Turning Diggle into a Green Lantern would have added a new dimension to the Arrowverse. A cosmic scale. A new frontier for a universe that had already explored time travel, alternate Earths and speed forces. Giving that role to someone like Diggle would have sent a message. That loyalty and stability were as worthy of power as drama and destruction.

But the Green Lantern name is valuable. DC had its reasons. Bigger projects were coming. Other versions of the character were being developed. And Diggle’s version, grounded in television, didn’t fit into those plans.

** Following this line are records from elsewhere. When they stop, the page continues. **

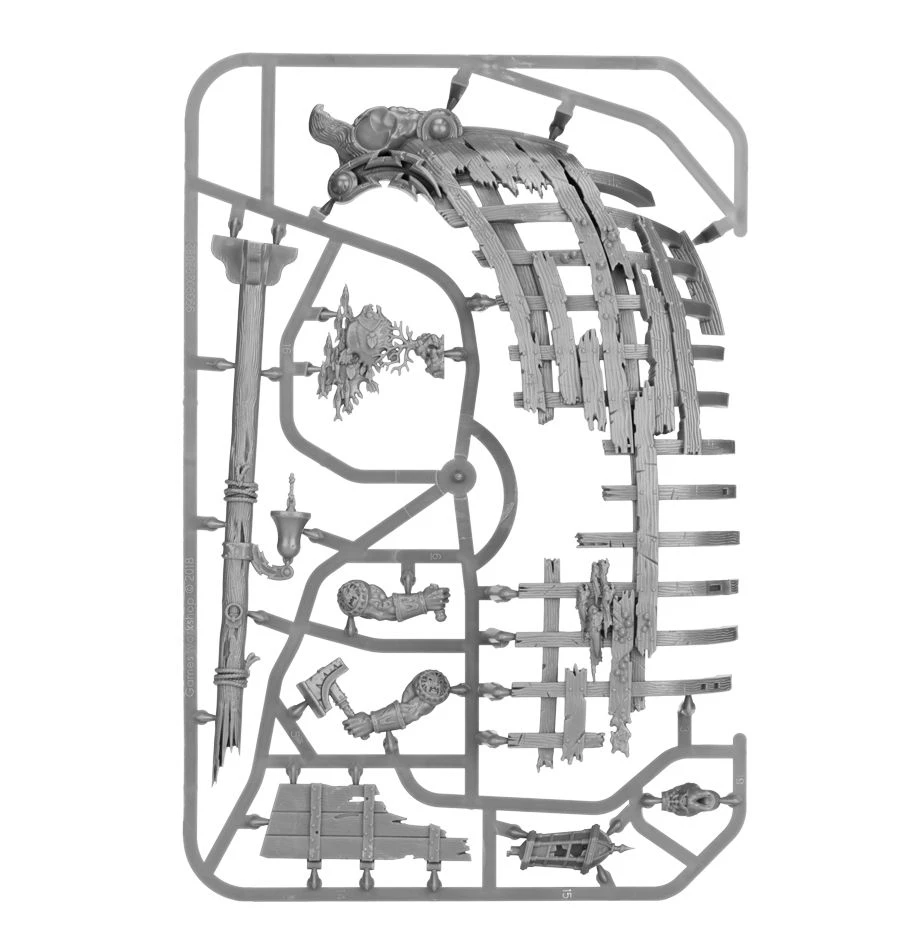 This multi-part plastic kit contains the components necessary to assemble a Gloomtide Shipwreck. This is an Etheric Vortex scenery piece, which models with the Idoneth Deepkin allegiance have access to. The Shipwreck itself is a sea-dessicated hull, the skeleton of some long-forgotten vessel now home to barnacles, coral and creatures sympathetic to the Idoneth. The model is in 2 pieces, which can be placed separately on the battlefield, or together to form one wrecked hull – each section is encrusted with barnacles, littered with bones and trinkets, and feature ship details such as a broken sextant, a ruined rudder, a lantern and a ship’s bell. Alluding to the wreck’s former life, there are plenty of Sigmarite details, with a figurehead holding a hammer, a twin-tailed comet on the mast and a plaque at the rear. Also included are 6 shoals of sea creatures – these can be added to the wreck as you please, though make excellent additions to the base of any Idoneth Deepkin miniature.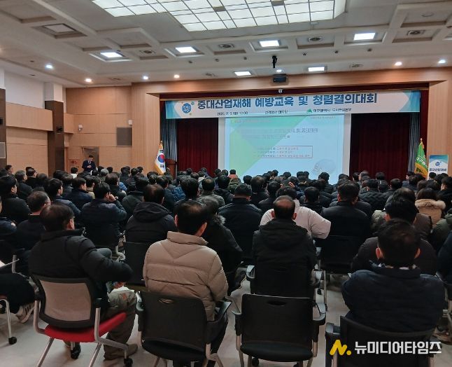 대구광역시 도시건설본부는 공사 현장의 중대산업재해 예방과 안전문화 확산을 위해 2월 9일(월) 오전 10시 산격청사 대강당에서 ‘중대산업재해 예방교육 및 현장 관계자 청렴교육’을 실시했다.
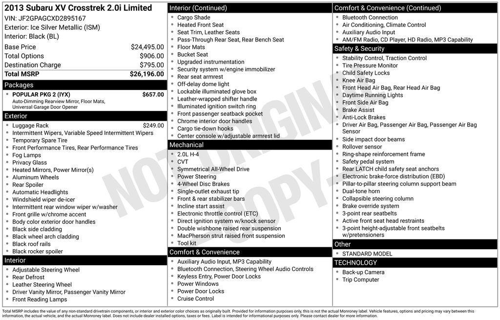 - Vehicle Name: Subaru XV Crosstrek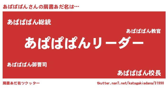 | ポケモン風あだ名 | 『ヒアパパパン』『アパセウス』 |

Why the plan didn’t move forward

It wasn’t a lack of commitment from the cast or writers. According to Ramsey, they wanted it to happen. They pushed for it. But DC didn’t approve of the use of the Green Lantern identity. They wanted to hold that storyline for something else. Possibly the new Lanterns series. Possibly just to avoid overlapping storylines.

With that decision, Diggle’s arc changed. He remained in the Arrowverse. Appeared in different shows. Stayed involved. However the potential of the transformation was left behind.

Arrow | Image via CW
Arrow | Image via CW

What’s left for those still interested

Concept art of Diggle as a Green Lantern surfaced in 2024. It matched the tone of the universe. Balanced, modern, true to the character. But it was never used. It became part of the what-if collection of the Arrowverse. Meanwhile, HBO’s Lanterns series is in development. A different universe, a new tone, no connection to what had come before.

There might be another John Stewart coming. But it won’t be Diggle. And it won’t be Ramsey. That chapter stayed closed.


The ending that never played out

The Arrowverse had ambition. It wanted to connect characters, expand boundaries, take risks. Some of those worked. Others stayed stuck. The Green Lantern arc was one of the stories that came close. The signs were there. The character was ready. The audience saw it.

But in the end, it didn’t happen. Not because it didn’t make sense, but because it wasn’t allowed to move forward. And in a universe built on possibility, that absence still echoes.

Some arcs never begin. Others begin and don’t finish. This one did something in between. And for the Arrowverse, that was more common than it should have been.